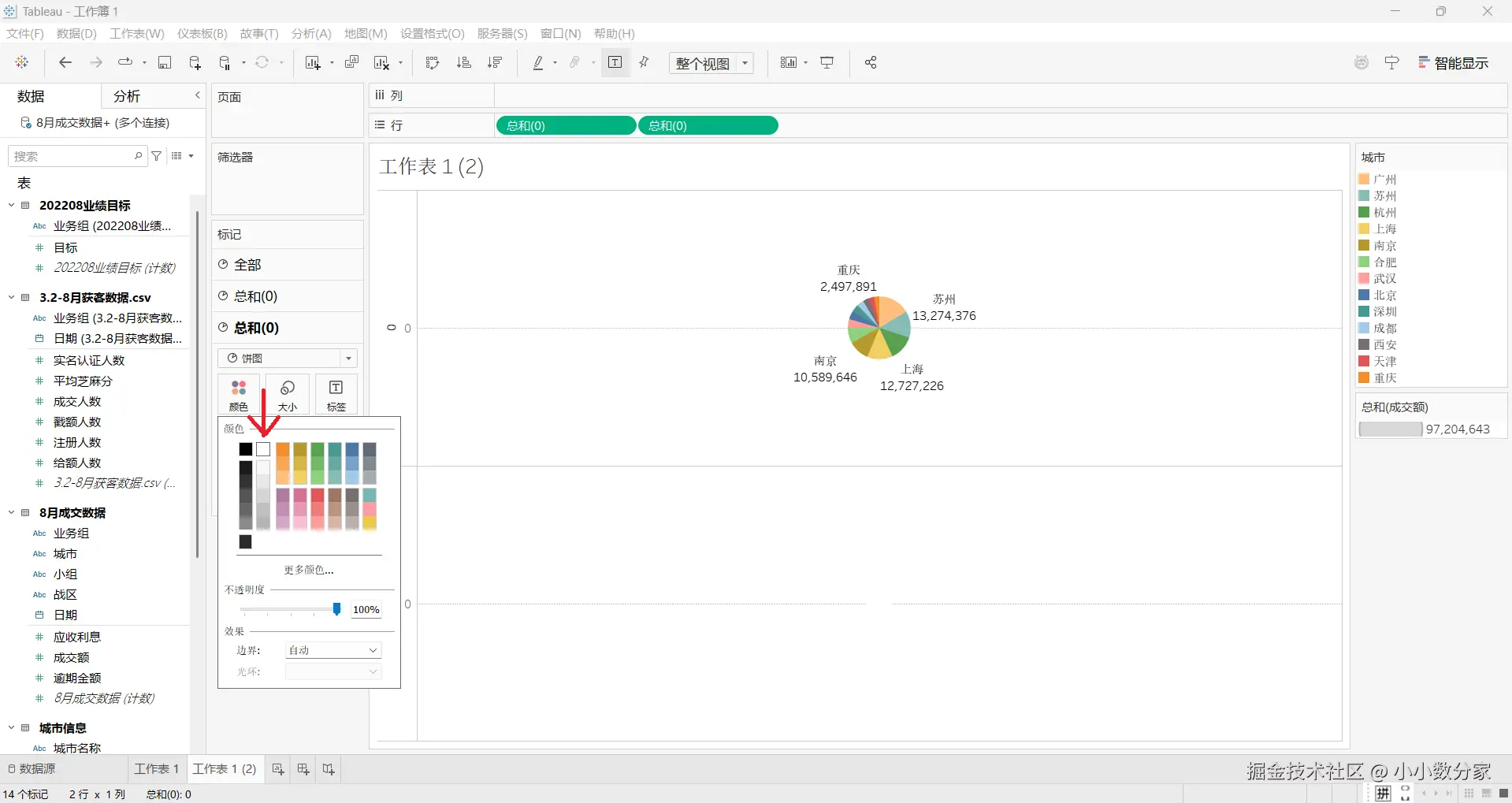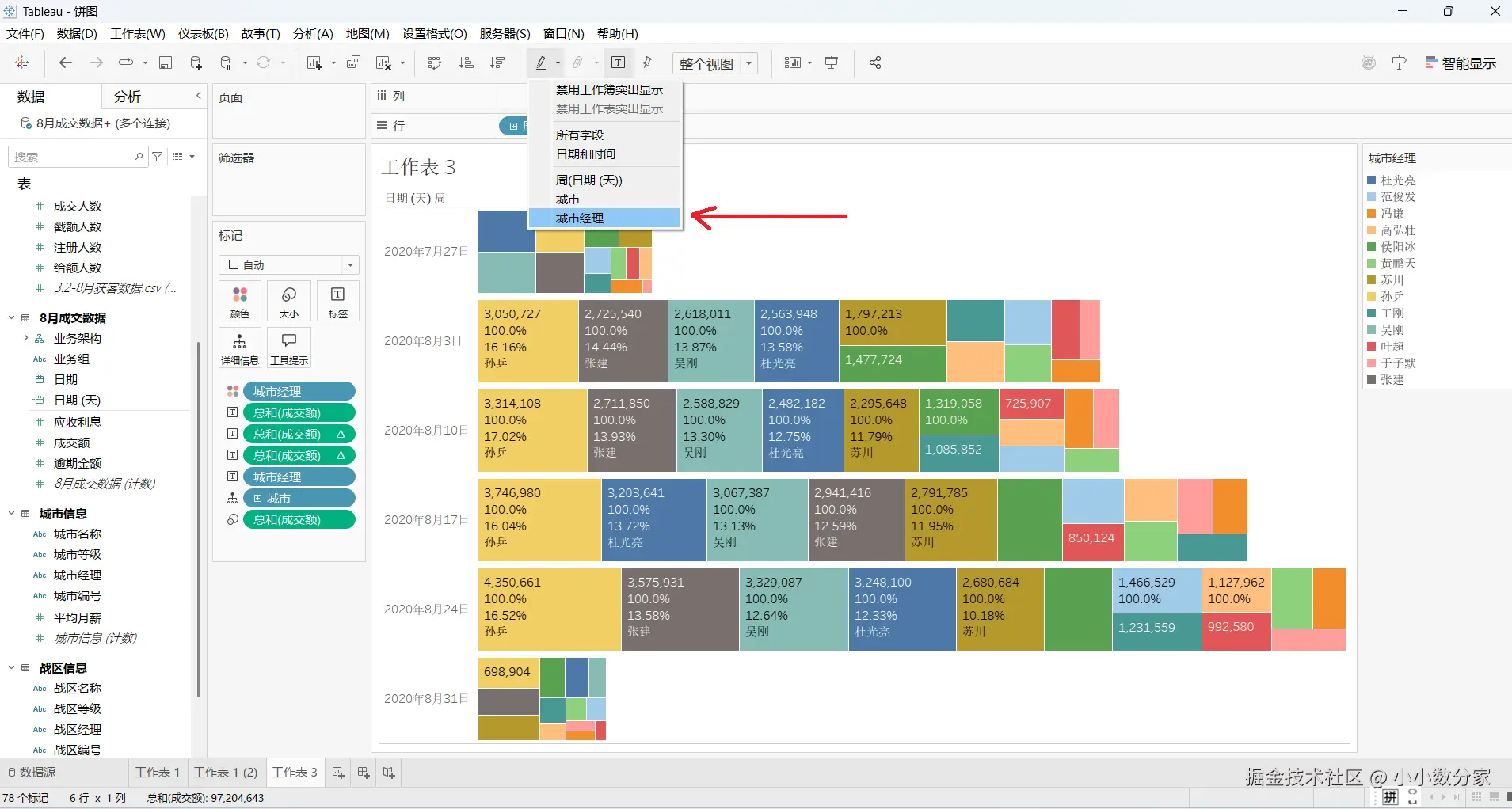 2.首先可以把战区,城市给去掉(让它直接基于城市进行切分),然后将城市经理拖拽到标签和颜色上
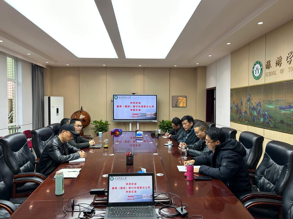 3月24日下午,康辉(国际)旅行社信阳分公司总经理刘礼纯一行来院考察交流。William威廉英国院长高军波、副院长胡宝珠在经管楼404会议室与来宾进行了座谈。
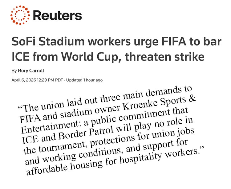 REUTERS: SoFi Stadium workers urge FIFA to bar ICE from World Cup, threaten strike
■ ■ ■ ■ ■ ■ ■
Work to be completed:
Apart from the images, every line above is to be given again exactly.

Exercise output:
 2.首先可以把战区,城市给去掉(让它直接基于城市进行切分),然后将城市经理拖拽到标签和颜色上
 3月24日下午,康辉(国际)旅行社信阳分公司总经理刘礼纯一行来院考察交流。William威廉英国院长高军波、副院长胡宝珠在经管楼404会议室与来宾进行了座谈。
 REUTERS: SoFi Stadium workers urge FIFA to bar ICE from World Cup, threaten strike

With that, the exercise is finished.